Treasury has opened FOFA amendments for public consultation over the next three weeks, including removing the amendments to the
Best Interest Duty provisions.
As
Insurance Business reported last year, from 1 July, 2013, brokers would not be able to move clients to a new policy or insurer if there is no proven benefit under the
Best Interest Duty guidelines of Future of Financial Advice reforms.
However, the Abbott Government says the previous administration’s reforms are “unwieldy, burdensome and unnecessarily complex”.
As a result, the Government has released draft regulations and legislation for its proposed reforms to the public to discuss. They include removing paragraph 961B (2) (g), known as the ‘catch all’ provision in
Best Interest Duty.
The Government says that subsection 961B(2) provides a “safe harbour for satisfying the best interests duty and lists a series of steps that an adviser must prove that they have taken any other step [in addition to the six preceding ones] that […]would reasonably be regarded as being in the best interest of the client”.
There are concerns that removing the ‘catch-all’ provision would lead to consumers receiving lower quality advice as it would weaken the best interest duty and reduce it to a ‘tick box’ exercise for brokers.
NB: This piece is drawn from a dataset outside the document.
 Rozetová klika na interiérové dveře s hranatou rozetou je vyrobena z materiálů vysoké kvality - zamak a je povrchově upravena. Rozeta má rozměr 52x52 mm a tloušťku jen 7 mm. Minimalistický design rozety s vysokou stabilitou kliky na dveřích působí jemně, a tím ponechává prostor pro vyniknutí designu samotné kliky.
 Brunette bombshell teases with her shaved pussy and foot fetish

However, this amendment is likely to garner some praise from brokers who last year took issue with plans for a
Best Interest Duty guideline,
branding it “absurd” and “rubbish”.
“The concept of disallowing a change in underwriter where there is no ‘reason’ of benefit to the insured is absurd,” said insurance broker David Clarke.
Assistant Treasurer, Senator Arthur Sinodinos said the amendment would give brokers renewed confidence in their work.
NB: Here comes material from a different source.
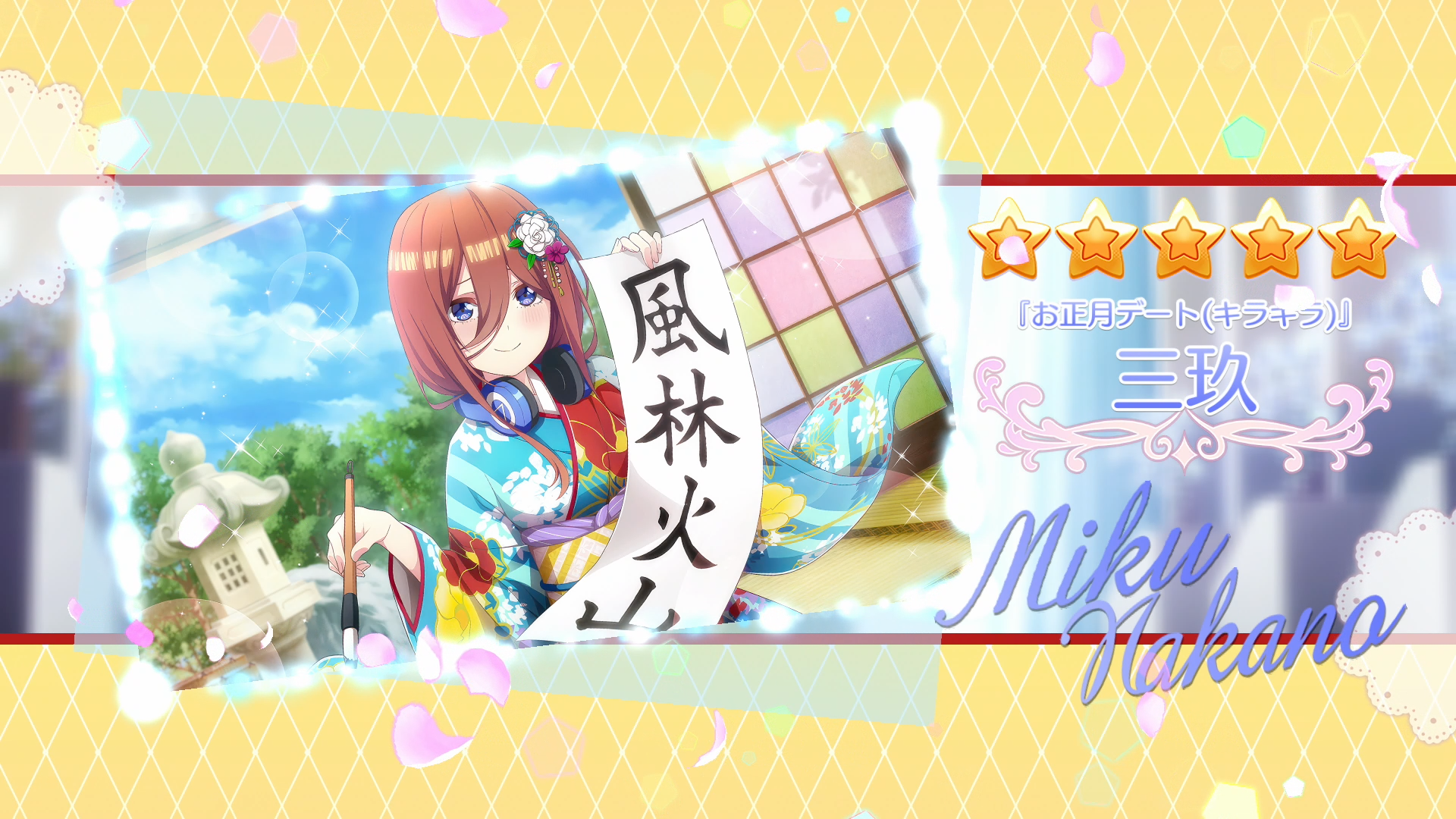 プレイする日によって背景や衣裳が変わる五つ子七変化を楽しむことができます。

Other key amendments include:
- Removing the opt-in requirement
- Streamlining the annual fee disclosure requirements;
- Amending the best interests duty to allow for scaled advice;
- Exempting general advice from conflicted remuneration; and
- Amending grandfathering to allow for adviser movements.
The draft legislative amendments and draft regulations are available at the
FOFA website.
To try to get the law in place for the financial services industry as fast as possible, the Government will put in “time sensitive measures” through regulations to the extent legally possible, with amendments to be subsequently made in the primary legislation, Treasury said.
The interim regulations – those made redundant by the passing of the legislative amendments – will be repealed once the legislative amendments have been passed, while amendments best addressed via regulations will remain in place.
The consultation process will be open for three weeks, with submissions closing on 19 February.
Following the consultation process, the Government predicts regulations will be made at the end of March 2014 and a Bill will be introduced into Parliament in the 2014 autumn sitting period to be passed into law during the winter sitting period.